Set down, exactly as written, the lines from the top of the data to the line that holds "彭阿姨性格温和,和产妇妈妈们", and omit the pictures.

─── Task input ───

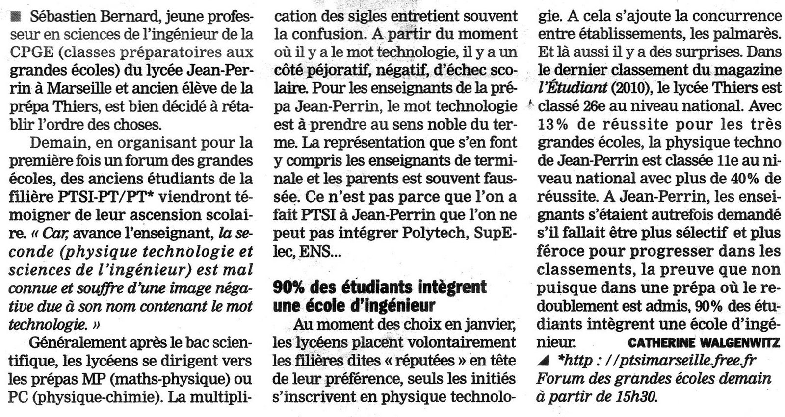 A certaines occasions, la presse locale couvre divers événement de la prépa PTSI-PT/PT* du lycée Jean PERRIN.
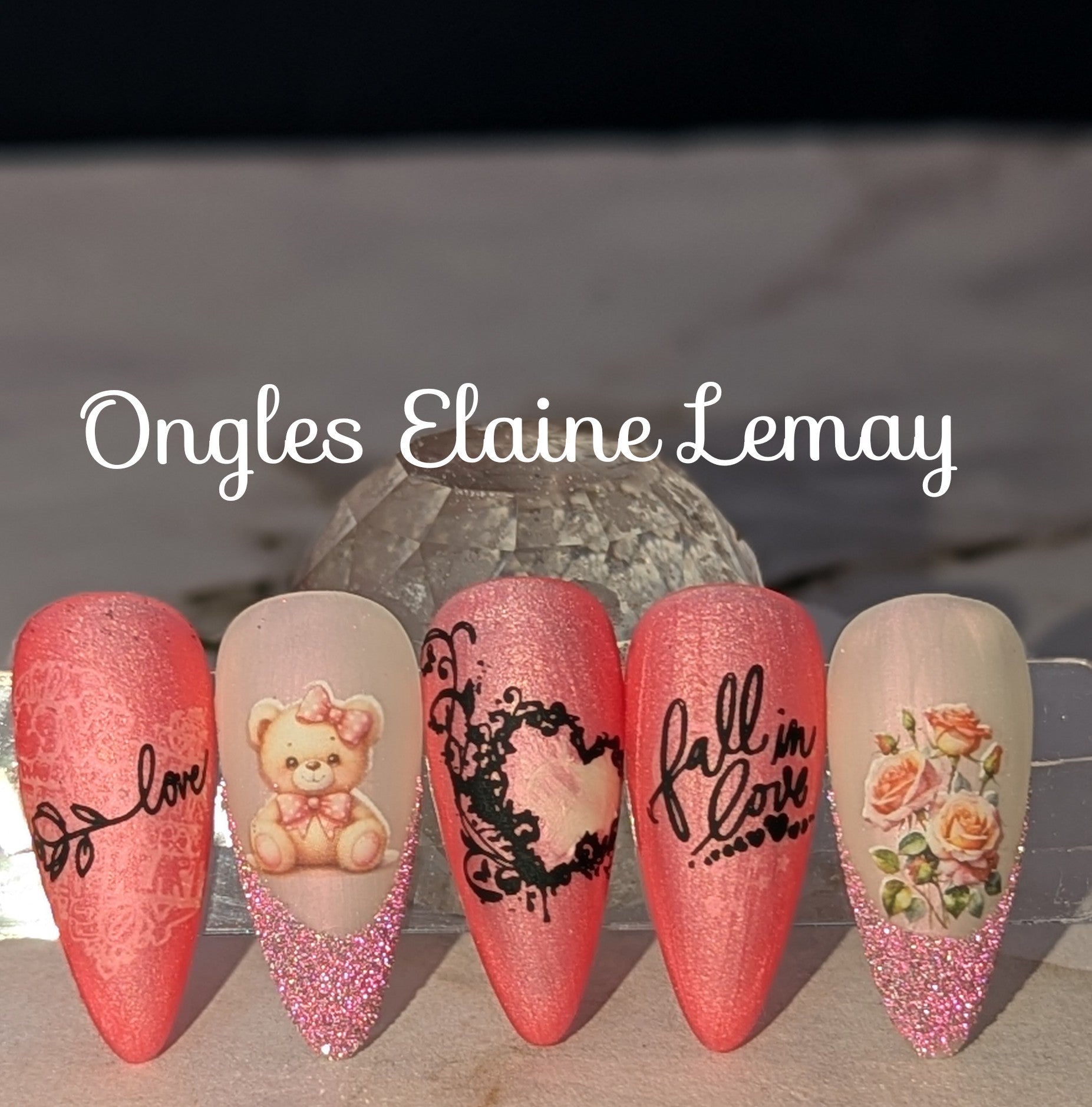 Ces water decals ultra fins s’intègrent parfaitement à l’ongle pour un effet peint à la main, sans surépaisseur. Parfaits pour la Saint-Valentin, les poses romantiques, les occasions spéciales ou simplement pour offrir à vos clientes un nail art chic et attendrissant.
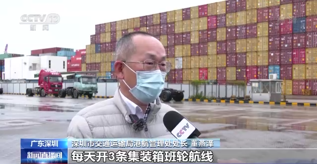深圳市交通運輸局港航管理處處長董燕澤:三個集裝箱港區計劃每天開三條集裝箱的航線,總體的話一天可以最少可以滿載360個集裝箱,來分流陸路的跨境運輸壓力。我們港口有能力來組織運力,保證深港的跨境運輸。
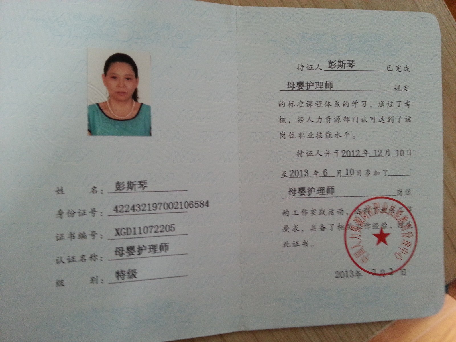 彭阿姨性格温和,和产妇妈妈们都沟通的很好,和家人相处也很不错。她护理工作做的认真细致,对产妇和宝宝都很有爱心,勤劳好学,非常上进,护理过新生儿80多个,带过多对双胞胎早产宝宝经验,是一位很优秀的月嫂!
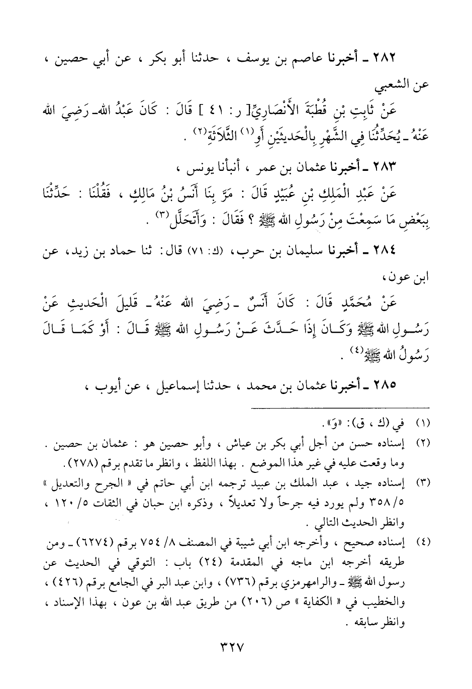 284 - أَخْبَرَنَا سُلَيْمَانُ بْنُ حَرْبٍ، قَالَ: ثَنَا حَمَّادُ بْنُ زَيْدٍ، عَنِ ابْنِ عَوْنٍ، عَنْ مُحَمَّدٍ، قَالَ: كَانَ أَنَسٌ رَضِيَ اللَّهُ عَنْهُ " قَلِيلَ الْحَدِيثِ عَنْ رَسُولِ اللَّهِ صَلَّى اللهُ عَلَيْهِ وَسَلَّمَ وَكَانَ §إِذَا حَدَّثَ عَنْ رَسُولِ اللَّهِ صَلَّى اللهُ عَلَيْهِ وَسَلَّمَ قَالَ: أَوْ كَمَا قَالَ رَسُولُ اللَّهِ صَلَّى اللهُ عَلَيْهِ وَسَلَّمَ "Qإسناده صحيح
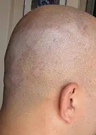 | Lichen sclerosus | Hyperkeratosis, atrophic epidermis, sclerosis of dermis and dermal lymphocytes.[7] | ![]() | ||
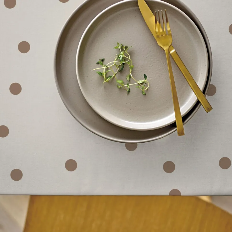 Dæk bordet med forfriskende prikker i taupe og skab en afslappet atmosfære med vores iøjnefaldende akryldug, der passer perfekt ind i en moderne og grafisk indretning. Kombiner gerne med forskellige kopper og tallerkner i friske og optimistiske farver for at skabe et levende udtryk. Akrylduge er det ideelle valg, når du ønsker en hyggelig og funktionel borddækning med hele familien.
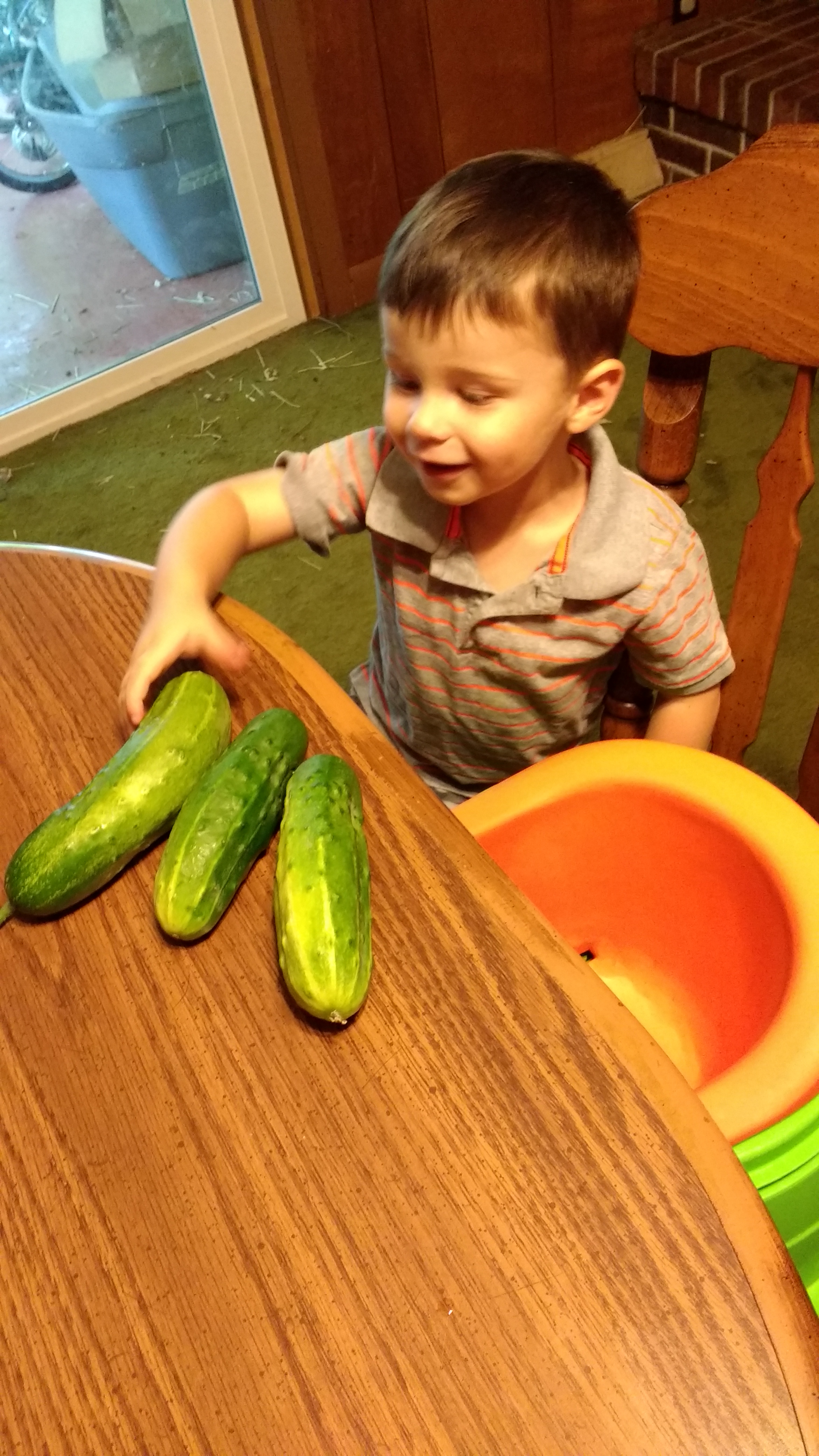 In the mean time, we’re waiting on our tomatoes to really begin to ripen, and enjoying an abundance of cucumbers and summer squash. Right now I’m getting about 3-4 per week off only 2 plants. So for pickling next year, I’ll probably try more like 4-6 plants. And so far I’ve canned 8 pints of pickles!
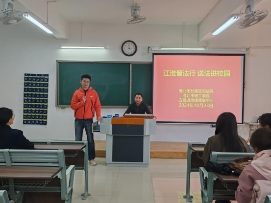 为不断深化普法教育,增强学生们的法律意识和自我保护能力,推动建成和谐、安全的校园环境。10月23日下午,bat365中文官方网站和淮北市杜集区司法局、安徽进境律师事务所携手于1教421开展“江淮普法行·送法进校园”主题活动。本次活动由bat365中文官方网站教工第二党支部书记刘畅主持,安徽进境律师事务所合伙人孟春江律师主讲,杜集区司法局普法办主任张丽丽,司法局人民参与和促进法治办主任周立业,杜集区法律援助中心主任赵义玉参与。
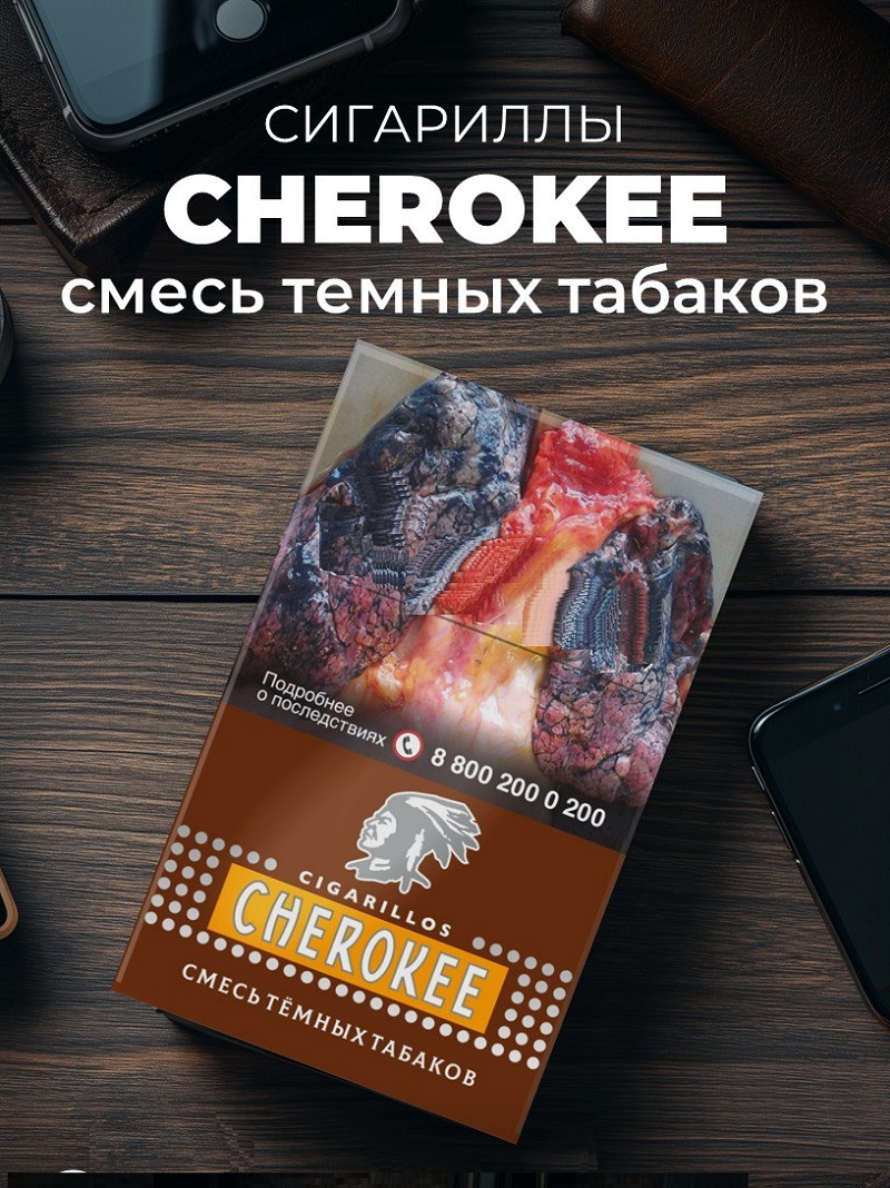 Сигариллы с фильтром "Cherokee - Смесь тёмных табаков" произведены машинным способом из 100% натурального табака. Сбалансированная смесь тёмных табаков теневой сушки Берлей из Бразилии, Малави, Бангладеш, прошедших дополнительную обработку высокосахаристыми соусами с последующей процедурой тостирования и сигарных табаков из Никарагуа, Доминиканы, Индонезии без добавления ароматизаторов. Натуральный, плотный вкус с оттенками орехов, специй, шоколада и поджареной хлебной корочки. 8 Октября 2025
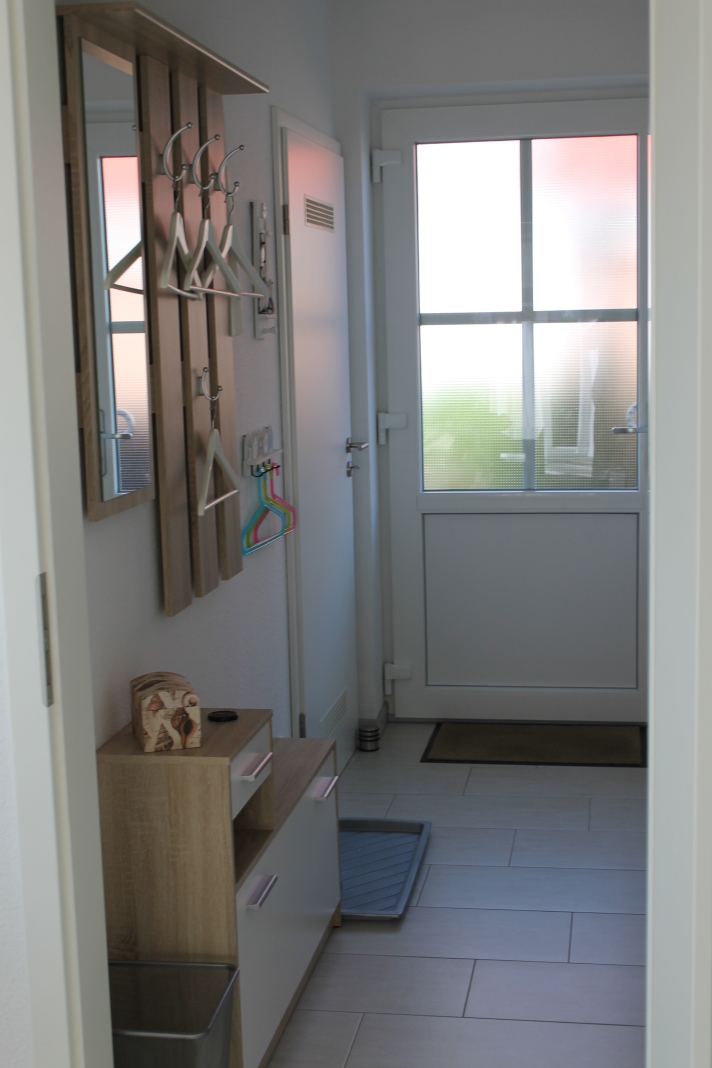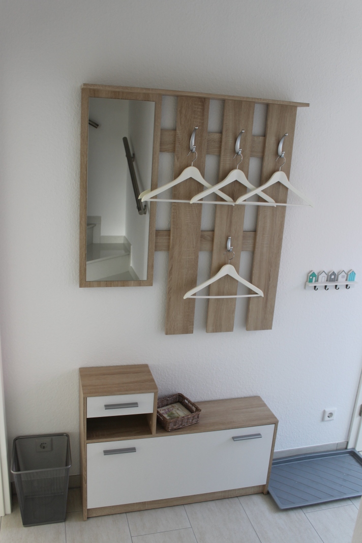Eine Kindergarderobe befindet sich direkt daneben über dem Schuhbrett. Sollten Sie Ihre Hausschuhe vergessen haben, liegen im Flur Filzpantoffeln in verschiedenen Größen für Sie bereit.

───

Task response:
 A certaines occasions, la presse locale couvre divers événement de la prépa PTSI-PT/PT* du lycée Jean PERRIN.
 Ces water decals ultra fins s’intègrent parfaitement à l’ongle pour un effet peint à la main, sans surépaisseur. Parfaits pour la Saint-Valentin, les poses romantiques, les occasions spéciales ou simplement pour offrir à vos clientes un nail art chic et attendrissant.
深圳市交通運輸局港航管理處處長董燕澤:三個集裝箱港區計劃每天開三條集裝箱的航線,總體的話一天可以最少可以滿載360個集裝箱,來分流陸路的跨境運輸壓力。我們港口有能力來組織運力,保證深港的跨境運輸。
 彭阿姨性格温和,和产妇妈妈们都沟通的很好,和家人相处也很不错。她护理工作做的认真细致,对产妇和宝宝都很有爱心,勤劳好学,非常上进,护理过新生儿80多个,带过多对双胞胎早产宝宝经验,是一位很优秀的月嫂!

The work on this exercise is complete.